=== PROBLEM REQUIREMENTS ===
Reproduce the records that follow exactly; any picture among them stays out.

=== SUPPLIED ENTRIES ===
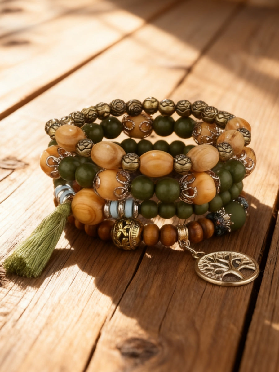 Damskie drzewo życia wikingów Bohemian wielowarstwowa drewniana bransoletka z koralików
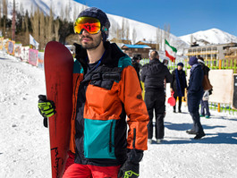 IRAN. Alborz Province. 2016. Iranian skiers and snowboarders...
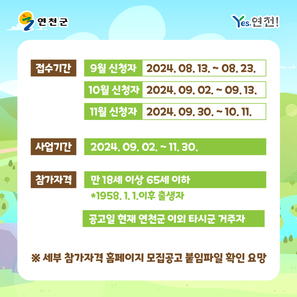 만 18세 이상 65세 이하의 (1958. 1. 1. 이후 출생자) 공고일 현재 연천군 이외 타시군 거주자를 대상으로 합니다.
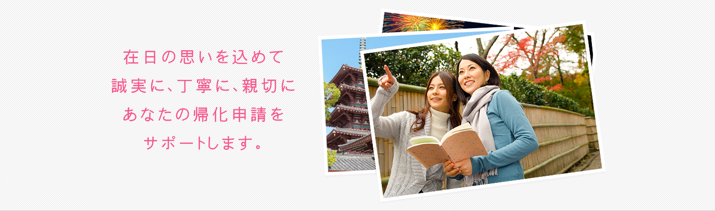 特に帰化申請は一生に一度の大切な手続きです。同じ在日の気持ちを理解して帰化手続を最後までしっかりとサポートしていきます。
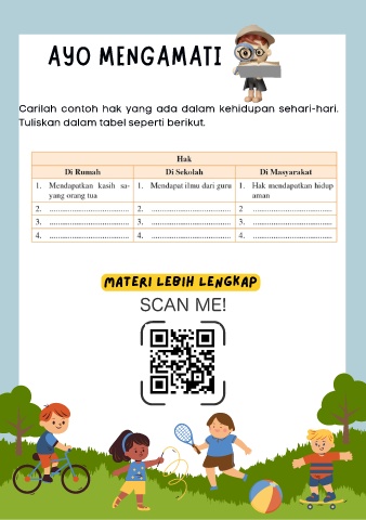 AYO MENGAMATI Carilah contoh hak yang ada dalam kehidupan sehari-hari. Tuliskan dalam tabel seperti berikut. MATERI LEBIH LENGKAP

=== RESULT OF THE EXERCISE ===
 Damskie drzewo życia wikingów Bohemian wielowarstwowa drewniana bransoletka z koralików
 IRAN. Alborz Province. 2016. Iranian skiers and snowboarders...
 만 18세 이상 65세 이하의 (1958. 1. 1. 이후 출생자) 공고일 현재 연천군 이외 타시군 거주자를 대상으로 합니다.
 特に帰化申請は一生に一度の大切な手続きです。同じ在日の気持ちを理解して帰化手続を最後までしっかりとサポートしていきます。
 AYO MENGAMATI Carilah contoh hak yang ada dalam kehidupan sehari-hari. Tuliskan dalam tabel seperti berikut. MATERI LEBIH LENGKAP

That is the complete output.